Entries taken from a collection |

-- -- --

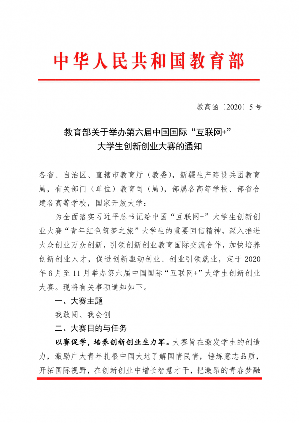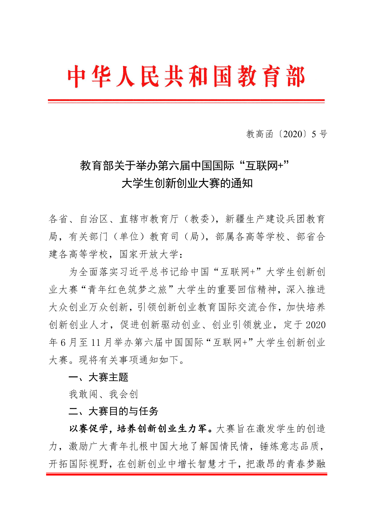 第六届中国国际“互联网+”大学生创新创业大赛的通知
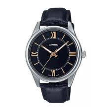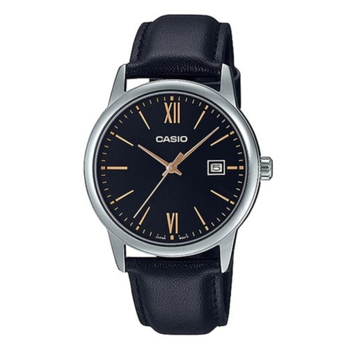 Jam Tangan Pria Casio MTP-V002L-1B3UDF Black Silver List Rosegold Leather Strap
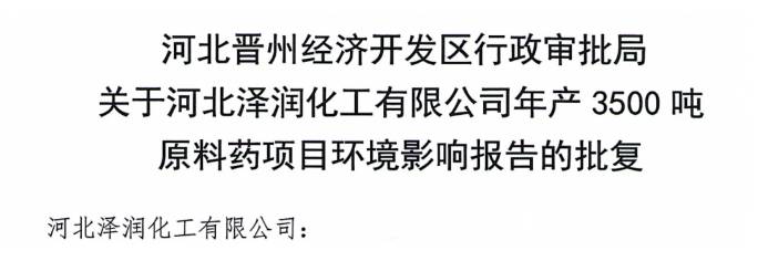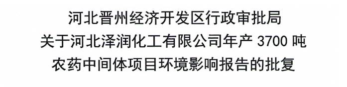 近日,关于河北泽润化工有限公司年产3700吨农药中间体项目及3500吨原药项目在相关网站批复公示。
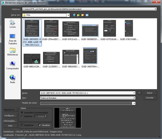 Nota: Para renderizar uma sequência de imagens estáticas, escolha o Segmento de tempo ativo ou defina um intervalo de quadros na implementação Parâmetros comuns da caixa de diálogo Configuração de renderização. Se estiver renderizando para um tipo de arquivo de imagem fixa, o 3ds Max anexa um número de quadro com quatro dígitos ao nome do arquivo, incrementado a cada quadro.
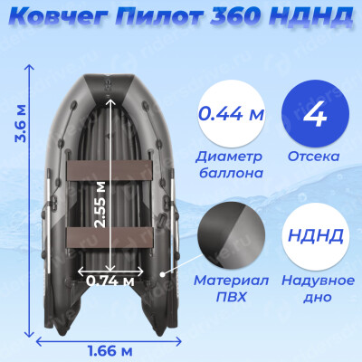 Лодка моторная Ковчег Пилот 360 НДНД (черно-серый)

-- -- --

Problem to work on | Pictures don't belong in the copy. Transcribe every record exactly as it appears.

Response to the exercise |
 第六届中国国际“互联网+”大学生创新创业大赛的通知
 Jam Tangan Pria Casio MTP-V002L-1B3UDF Black Silver List Rosegold Leather Strap
 近日,关于河北泽润化工有限公司年产3700吨农药中间体项目及3500吨原药项目在相关网站批复公示。
 Nota: Para renderizar uma sequência de imagens estáticas, escolha o Segmento de tempo ativo ou defina um intervalo de quadros na implementação Parâmetros comuns da caixa de diálogo Configuração de renderização. Se estiver renderizando para um tipo de arquivo de imagem fixa, o 3ds Max anexa um número de quadro com quatro dígitos ao nome do arquivo, incrementado a cada quadro.
 Лодка моторная Ковчег Пилот 360 НДНД (черно-серый)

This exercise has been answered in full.